### What you have to do
Only the lines from the one containing "As long as daily" to the end of the data below belong in the answer, each repeated exactly; no pictures.

### The data
◆ ◆ ◆
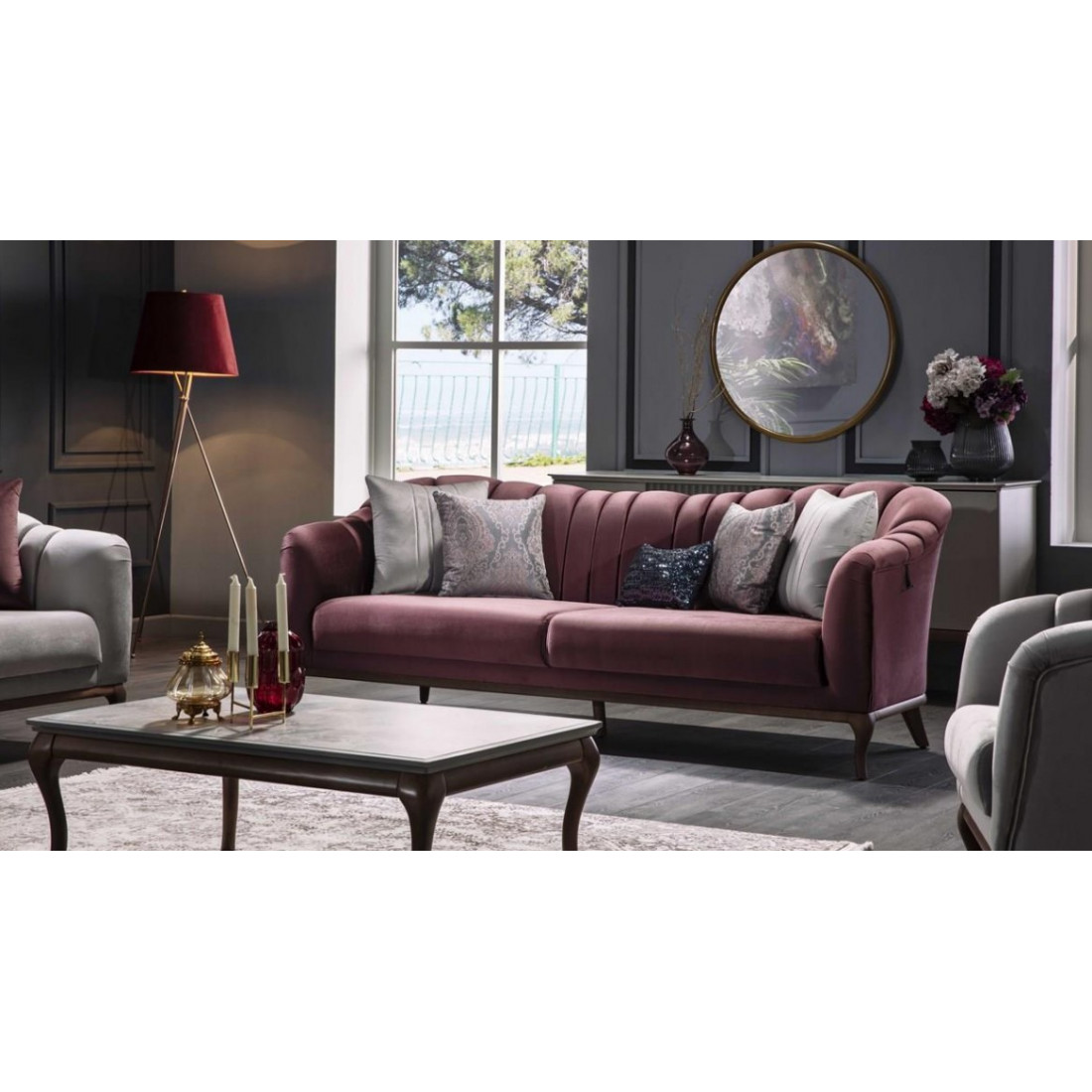 Идеальные вертикальные линии на спинке и подлокотниках выделяют трехместный диван из коллекции "Pesaro" среди конкурентов. Он представлен в нескольких цветовых вариантах: в синих, белых и фиолетовых тонах. В комплект входят пять разнообразных подушек, четыре из которых квадратные и одна маленькая прямоугольная. Высокие ножки, обрамлённые прекрасным декором с древесной текстурой, упростят уборку в доме. Ткань этого дивана невероятно мягкая и очень легко чистится
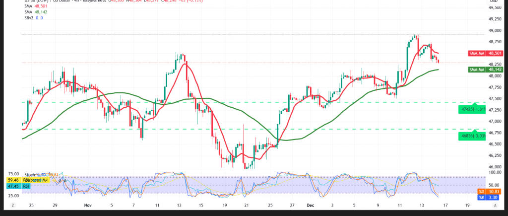 As long as daily trading remains below the 48,540 resistance level, the index may be exposed to further downside, with a potential retest of 48,145. Conversely, a return to trading above 48,540 could support a recovery move toward 48,610, followed by 48,680.
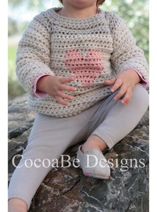 The pattern includes written instructions, heart charts, walk-through pictures, and pictures of the garment. Medium weight yarn is used for the sweater, creating a light-weight but warm gesture of love.
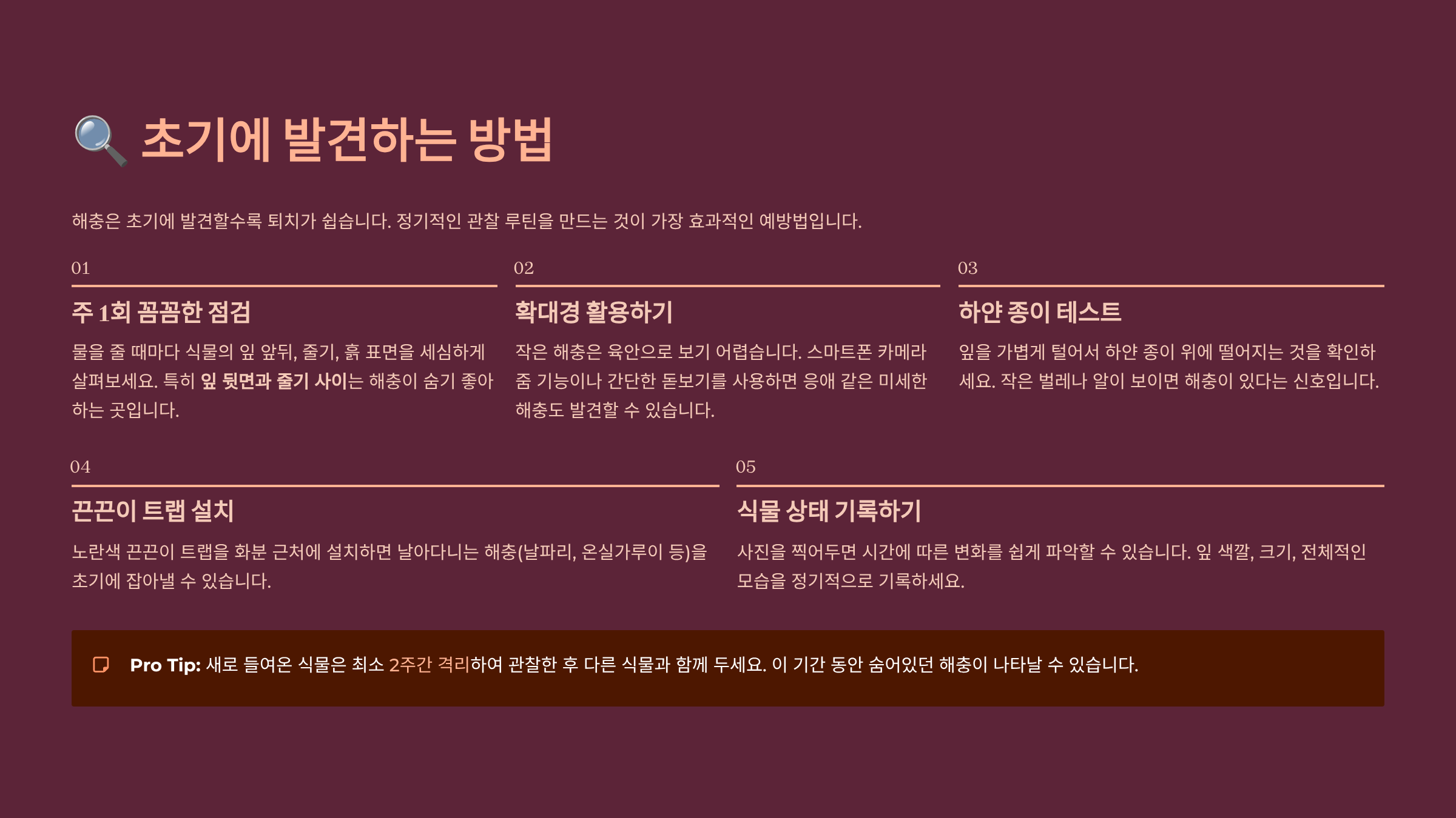 또한 계절 변화, 특히 여름철 고온다습한 환경은 해충 발생률을 높여요. 실내라고 안심하기엔 너무 위험하죠. 그래서 주기적인 관찰과 초미세 변화 감지는 필수예요.
◆ ◆ ◆
### Answer to this problem
 As long as daily trading remains below the 48,540 resistance level, the index may be exposed to further downside, with a potential retest of 48,145. Conversely, a return to trading above 48,540 could support a recovery move toward 48,610, followed by 48,680.
 The pattern includes written instructions, heart charts, walk-through pictures, and pictures of the garment. Medium weight yarn is used for the sweater, creating a light-weight but warm gesture of love.
 또한 계절 변화, 특히 여름철 고온다습한 환경은 해충 발생률을 높여요. 실내라고 안심하기엔 너무 위험하죠. 그래서 주기적인 관찰과 초미세 변화 감지는 필수예요.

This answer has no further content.